### TASK DESCRIPTION
Quote exactly and only this range of lines in the data below: the line that holds "Ebony - 18x26" to the line that holds "辦公室裝修設計上,用一個中間", both included.

### DATA FOR REVIEW
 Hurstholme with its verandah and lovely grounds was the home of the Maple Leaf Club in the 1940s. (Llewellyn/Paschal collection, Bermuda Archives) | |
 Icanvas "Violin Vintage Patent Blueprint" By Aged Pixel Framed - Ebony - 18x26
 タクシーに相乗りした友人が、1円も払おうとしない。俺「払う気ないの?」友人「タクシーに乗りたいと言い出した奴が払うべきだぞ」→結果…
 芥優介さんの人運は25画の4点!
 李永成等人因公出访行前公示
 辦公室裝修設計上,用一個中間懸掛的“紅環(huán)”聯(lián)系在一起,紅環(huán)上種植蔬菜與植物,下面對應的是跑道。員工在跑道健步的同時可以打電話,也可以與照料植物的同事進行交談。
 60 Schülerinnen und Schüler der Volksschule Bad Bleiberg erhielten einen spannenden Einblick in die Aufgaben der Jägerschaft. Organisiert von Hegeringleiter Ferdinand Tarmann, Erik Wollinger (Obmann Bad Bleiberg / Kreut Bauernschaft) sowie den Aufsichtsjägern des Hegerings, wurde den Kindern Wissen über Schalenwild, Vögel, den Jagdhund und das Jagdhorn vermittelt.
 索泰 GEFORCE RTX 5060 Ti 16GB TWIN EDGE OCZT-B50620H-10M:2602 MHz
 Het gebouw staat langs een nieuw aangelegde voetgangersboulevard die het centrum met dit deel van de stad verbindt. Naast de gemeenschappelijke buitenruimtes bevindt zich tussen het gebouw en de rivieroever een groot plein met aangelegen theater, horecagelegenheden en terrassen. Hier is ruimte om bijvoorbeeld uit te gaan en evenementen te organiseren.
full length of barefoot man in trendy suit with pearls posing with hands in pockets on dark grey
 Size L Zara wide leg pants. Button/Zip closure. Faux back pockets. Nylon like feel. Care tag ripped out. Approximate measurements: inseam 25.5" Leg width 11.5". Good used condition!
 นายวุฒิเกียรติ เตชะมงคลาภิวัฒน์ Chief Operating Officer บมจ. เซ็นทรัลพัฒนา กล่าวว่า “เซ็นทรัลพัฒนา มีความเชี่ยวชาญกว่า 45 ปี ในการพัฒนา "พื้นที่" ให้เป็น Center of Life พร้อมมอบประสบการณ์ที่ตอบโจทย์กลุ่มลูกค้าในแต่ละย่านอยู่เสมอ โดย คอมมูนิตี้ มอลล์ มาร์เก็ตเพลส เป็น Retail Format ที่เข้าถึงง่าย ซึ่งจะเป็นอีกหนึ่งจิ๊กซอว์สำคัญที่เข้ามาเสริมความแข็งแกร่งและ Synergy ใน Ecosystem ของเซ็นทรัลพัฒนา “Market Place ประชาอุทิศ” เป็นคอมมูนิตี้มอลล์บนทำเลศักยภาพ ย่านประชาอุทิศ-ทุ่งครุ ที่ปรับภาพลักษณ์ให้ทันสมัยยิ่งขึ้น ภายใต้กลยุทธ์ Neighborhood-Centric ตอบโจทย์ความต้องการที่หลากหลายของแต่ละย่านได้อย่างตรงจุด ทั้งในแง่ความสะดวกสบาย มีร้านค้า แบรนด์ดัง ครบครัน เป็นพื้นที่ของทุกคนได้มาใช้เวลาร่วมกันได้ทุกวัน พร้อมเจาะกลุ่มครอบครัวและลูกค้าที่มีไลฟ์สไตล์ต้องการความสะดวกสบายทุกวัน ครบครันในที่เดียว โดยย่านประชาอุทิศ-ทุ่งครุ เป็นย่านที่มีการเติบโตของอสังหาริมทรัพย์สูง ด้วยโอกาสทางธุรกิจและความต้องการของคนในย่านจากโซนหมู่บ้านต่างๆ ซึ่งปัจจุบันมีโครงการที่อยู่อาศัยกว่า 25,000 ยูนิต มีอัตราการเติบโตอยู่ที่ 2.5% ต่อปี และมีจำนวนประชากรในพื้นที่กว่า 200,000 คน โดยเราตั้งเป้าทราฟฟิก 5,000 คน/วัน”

### TASK OUTPUT
 Icanvas "Violin Vintage Patent Blueprint" By Aged Pixel Framed - Ebony - 18x26
 タクシーに相乗りした友人が、1円も払おうとしない。俺「払う気ないの?」友人「タクシーに乗りたいと言い出した奴が払うべきだぞ」→結果…
 芥優介さんの人運は25画の4点!
 李永成等人因公出访行前公示
 辦公室裝修設計上,用一個中間懸掛的“紅環(huán)”聯(lián)系在一起,紅環(huán)上種植蔬菜與植物,下面對應的是跑道。員工在跑道健步的同時可以打電話,也可以與照料植物的同事進行交談。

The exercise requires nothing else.